» **Information**:
● ● ● ● ●

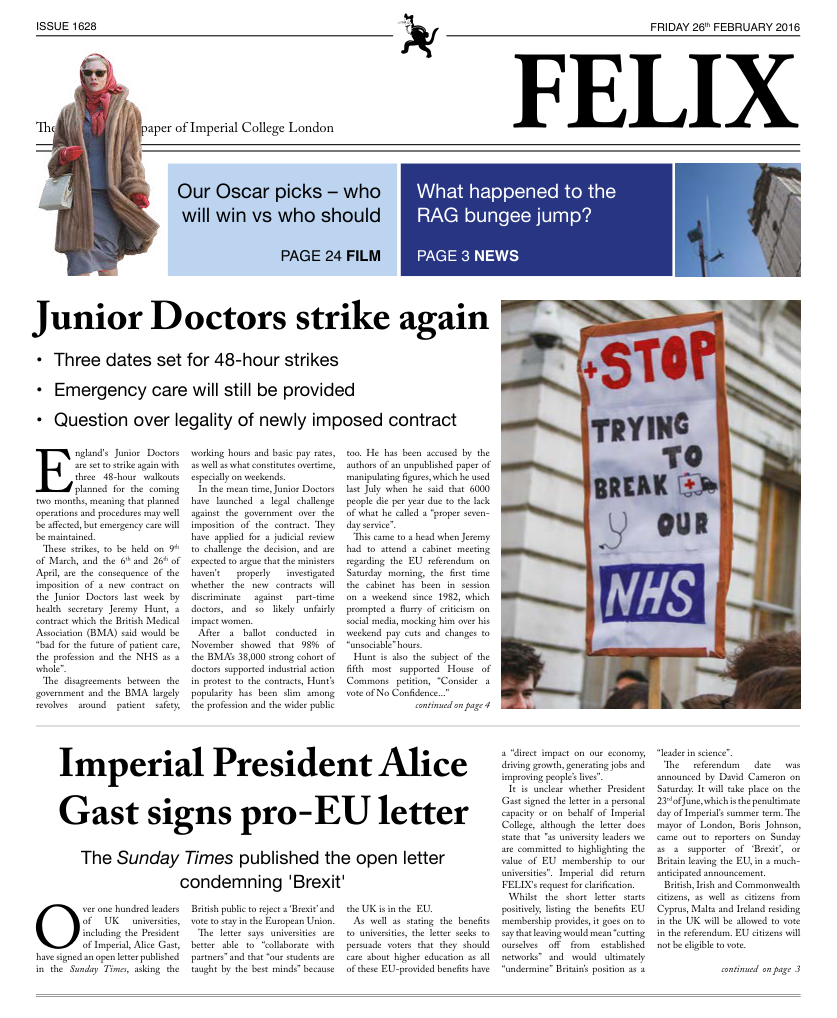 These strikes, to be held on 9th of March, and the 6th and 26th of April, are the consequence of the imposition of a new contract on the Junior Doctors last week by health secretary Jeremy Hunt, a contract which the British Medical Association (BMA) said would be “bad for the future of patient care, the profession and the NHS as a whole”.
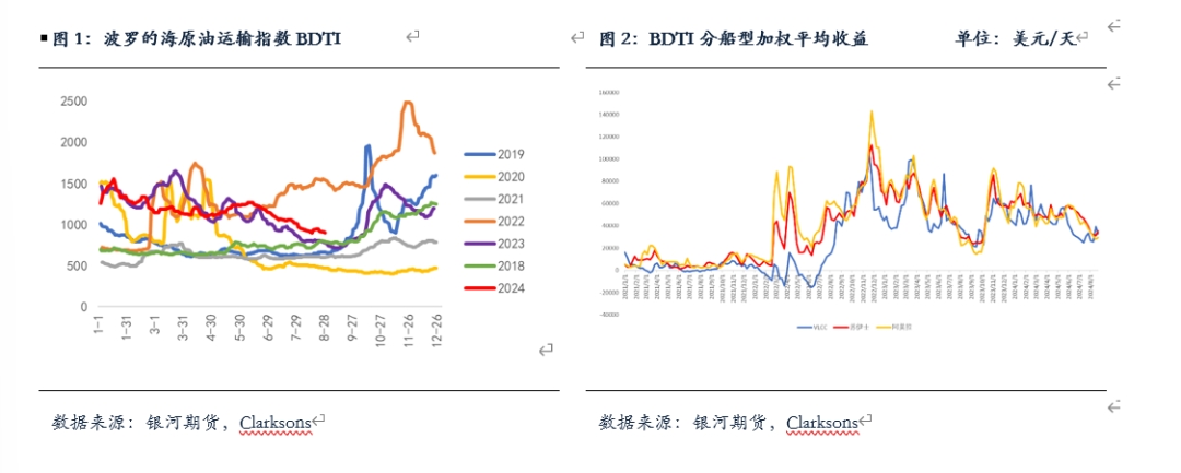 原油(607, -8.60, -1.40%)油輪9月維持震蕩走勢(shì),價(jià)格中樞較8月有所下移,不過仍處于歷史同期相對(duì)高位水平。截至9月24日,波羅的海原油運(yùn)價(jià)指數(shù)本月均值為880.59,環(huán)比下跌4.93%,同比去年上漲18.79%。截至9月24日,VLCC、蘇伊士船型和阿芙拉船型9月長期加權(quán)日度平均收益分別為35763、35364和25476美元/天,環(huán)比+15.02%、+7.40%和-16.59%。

● ● ● ● ●

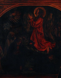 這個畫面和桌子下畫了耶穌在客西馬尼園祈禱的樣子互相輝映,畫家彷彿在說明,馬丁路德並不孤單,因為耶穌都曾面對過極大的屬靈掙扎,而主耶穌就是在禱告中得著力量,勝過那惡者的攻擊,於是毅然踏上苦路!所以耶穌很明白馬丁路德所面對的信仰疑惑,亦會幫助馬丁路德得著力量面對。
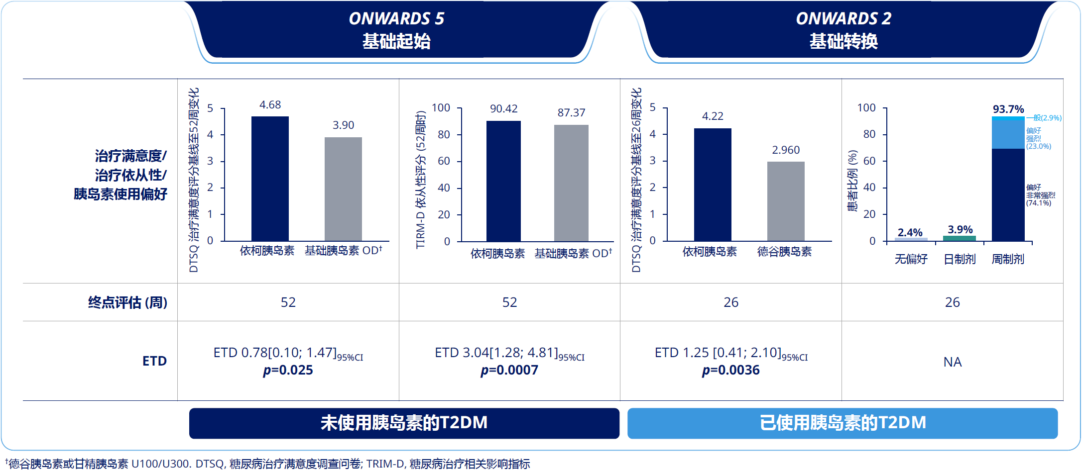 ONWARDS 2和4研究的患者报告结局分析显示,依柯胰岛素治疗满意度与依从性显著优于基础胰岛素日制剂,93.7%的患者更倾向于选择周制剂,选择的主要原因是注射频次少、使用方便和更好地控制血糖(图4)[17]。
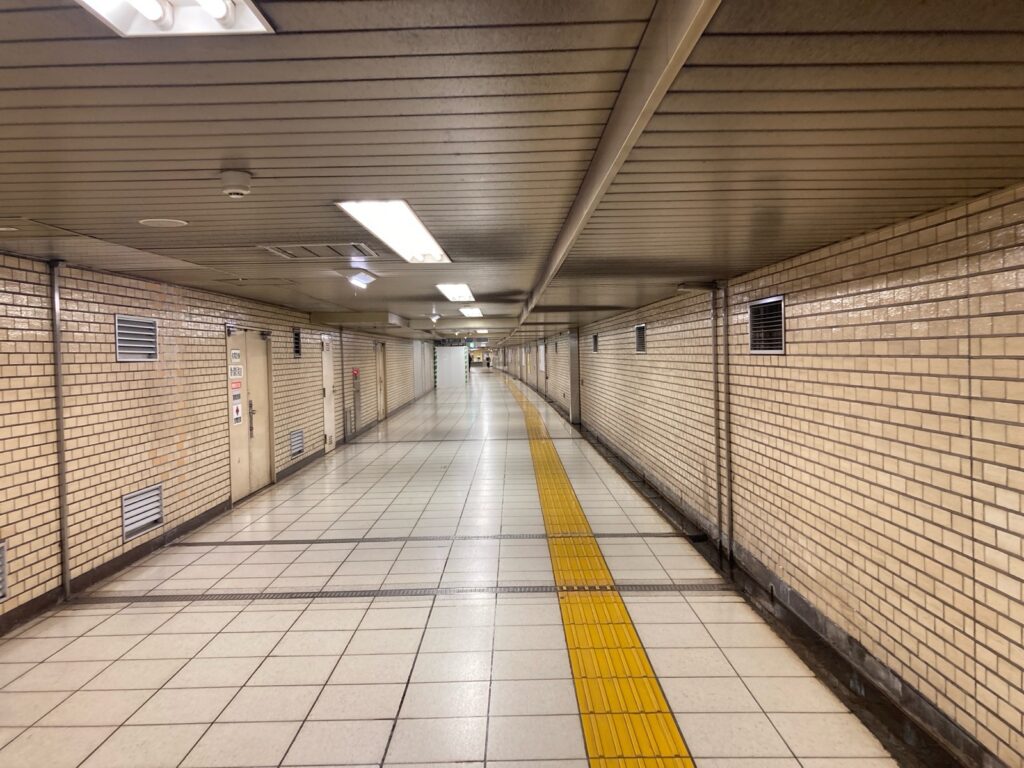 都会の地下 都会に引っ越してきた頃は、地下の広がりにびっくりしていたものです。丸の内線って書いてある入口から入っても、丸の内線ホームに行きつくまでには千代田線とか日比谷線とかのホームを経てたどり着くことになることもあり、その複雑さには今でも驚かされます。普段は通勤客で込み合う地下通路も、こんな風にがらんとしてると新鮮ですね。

● ● ● ● ●

» **The task**:
The copy should hold only the lines from the one with "ONWARDS 2和4研究的" through the one with "都会の地下 都会に引っ越して", exactly as they stand above. Leave out the pictures.

» **Answer box**:
 ONWARDS 2和4研究的患者报告结局分析显示,依柯胰岛素治疗满意度与依从性显著优于基础胰岛素日制剂,93.7%的患者更倾向于选择周制剂,选择的主要原因是注射频次少、使用方便和更好地控制血糖(图4)[17]。
 都会の地下 都会に引っ越してきた頃は、地下の広がりにびっくりしていたものです。丸の内線って書いてある入口から入っても、丸の内線ホームに行きつくまでには千代田線とか日比谷線とかのホームを経てたどり着くことになることもあり、その複雑さには今でも驚かされます。普段は通勤客で込み合う地下通路も、こんな風にがらんとしてると新鮮ですね。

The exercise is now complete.